In the listing below, find the line with "Ugh that super" and the line with "Nach diesem Arbeitsgang". Repeat those two lines and all lines between them exactly.

*** Opening of Data shown ***

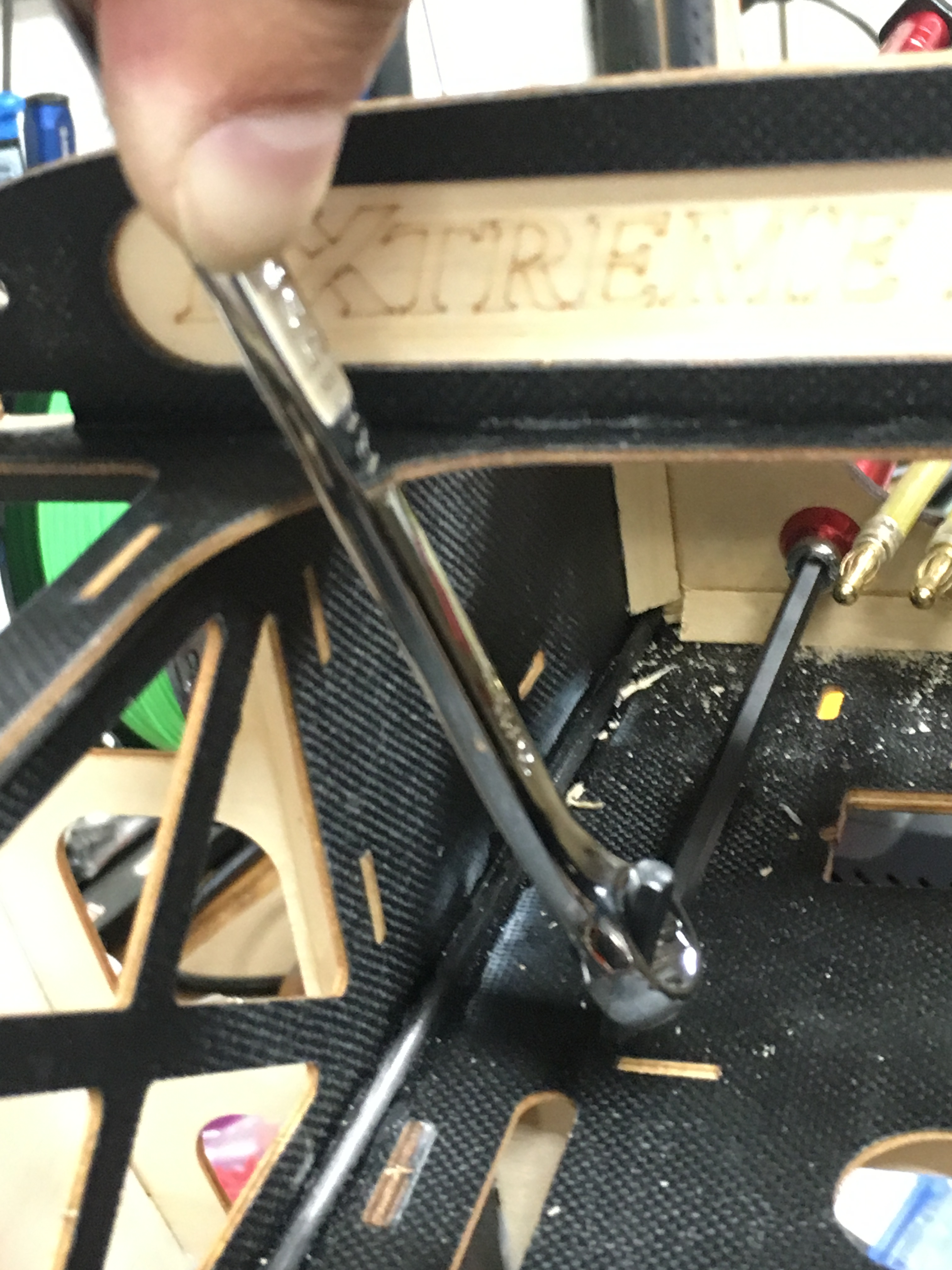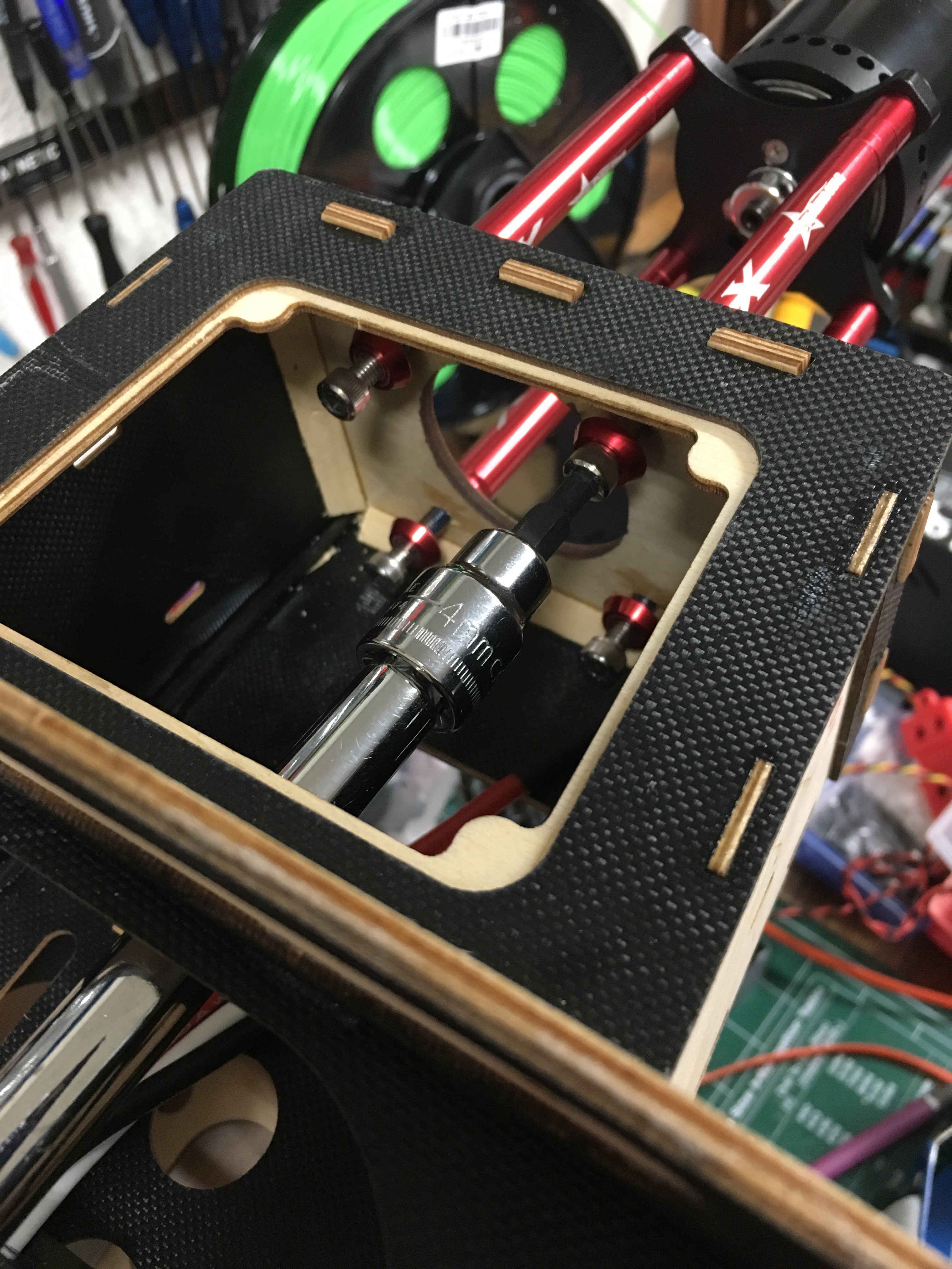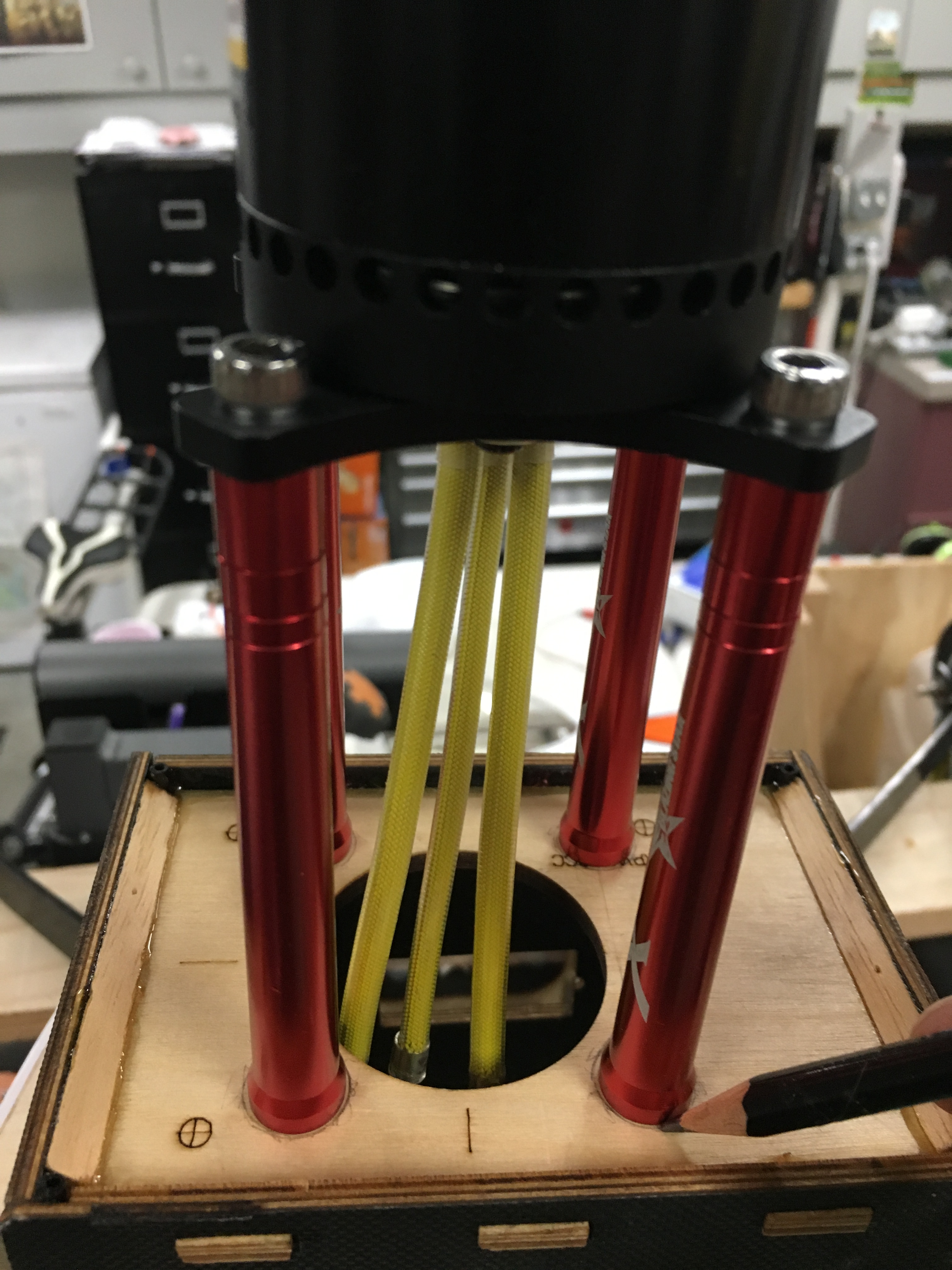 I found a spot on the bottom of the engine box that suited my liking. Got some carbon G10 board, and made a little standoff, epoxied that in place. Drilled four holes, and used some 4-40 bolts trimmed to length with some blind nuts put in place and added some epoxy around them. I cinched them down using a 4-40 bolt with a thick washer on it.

*** Close of Data shown ***
*** Opening of Data shown ***

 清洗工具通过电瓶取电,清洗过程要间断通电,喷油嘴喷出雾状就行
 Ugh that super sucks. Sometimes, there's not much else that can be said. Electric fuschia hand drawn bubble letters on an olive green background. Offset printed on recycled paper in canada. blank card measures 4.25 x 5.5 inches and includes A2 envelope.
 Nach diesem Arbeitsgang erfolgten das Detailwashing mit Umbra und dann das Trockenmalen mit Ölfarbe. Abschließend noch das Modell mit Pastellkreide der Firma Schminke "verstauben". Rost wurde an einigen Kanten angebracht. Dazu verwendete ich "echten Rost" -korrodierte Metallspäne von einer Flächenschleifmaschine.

*** Close of Data shown ***

- _Problem solution_
 Ugh that super sucks. Sometimes, there's not much else that can be said. Electric fuschia hand drawn bubble letters on an olive green background. Offset printed on recycled paper in canada. blank card measures 4.25 x 5.5 inches and includes A2 envelope.
 Nach diesem Arbeitsgang erfolgten das Detailwashing mit Umbra und dann das Trockenmalen mit Ölfarbe. Abschließend noch das Modell mit Pastellkreide der Firma Schminke "verstauben". Rost wurde an einigen Kanten angebracht. Dazu verwendete ich "echten Rost" -korrodierte Metallspäne von einer Flächenschleifmaschine.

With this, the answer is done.